With a continuation of wet weather and a lot of earlier drilled wheat crops, septoria is building up very quickly in many fields. The situation is at least equal to, if not worse than last year and we know how difficult septoria was to control last year.

A T0 application containing a multisite and a triazole will have to be a given this year if we are to stand any chance of getting on top of the disease. Combine this situation with the fact that triazoles continue to be less effective against the disease and we have the potential for a real problem season. A prolonged dry spell would help the situation.

The evidence of the last few years would support the view that when it comes to T1 an SDHI should be in the mix, along with a robust triazole dose. In order to keep the disease pressure as low as possible early nitrogen applications should be made no earlier than is really needed and the dose rate kept to appropriate levels. Encouraging further unwanted tillers and leaf can only have a detrimental effect on the crop.

Winter barley crops are looking well, but are also carrying high levels of disease with rhynchosporium and brown rust both in evidence. Again a T0 application will be of benefit in bringing the disease under control.
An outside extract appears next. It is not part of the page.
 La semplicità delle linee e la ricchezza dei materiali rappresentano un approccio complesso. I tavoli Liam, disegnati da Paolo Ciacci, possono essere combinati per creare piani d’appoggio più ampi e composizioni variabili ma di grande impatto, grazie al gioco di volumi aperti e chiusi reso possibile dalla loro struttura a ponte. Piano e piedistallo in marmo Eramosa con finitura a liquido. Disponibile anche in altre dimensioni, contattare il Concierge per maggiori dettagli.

The choice of material for T1 is less clear in barley. Strobilurins continue to give good yield responses in barley, so the case for SDHIs is less strong than in the wheat crop. In 2014, however, there were some very large barley yields where SDHI fungicides were used and it is not clear if this is down to better disease control or just a good season.

Oilseed rape crops continue to vary from crop to crop, with some remaining very forward and others less so, particularly where there has been a major pigeon strike. Making the correct nitrogen applications in crops that were large and are now small can be very difficult, as a lot of the nitrogen that was locked up in the crop has been removed from the fields by the pigeons.
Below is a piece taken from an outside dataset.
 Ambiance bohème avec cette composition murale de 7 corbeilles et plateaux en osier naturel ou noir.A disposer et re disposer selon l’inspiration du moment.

At the moment in the Southwest we have some crops that have a relatively small green area index (GAI), but plants with a massive crown and root system and other crops with the same GAI that are made up of small late drilled plants. It stands to reason that the smaller less developed plants will require more nitrogen earlier than those that are large, but have been partially defoliated.

Should the weather dry up we will be into the spring drilling season in the blink of an eye. Let’s hope that this goes well and that the spring crops will have plenty of potential.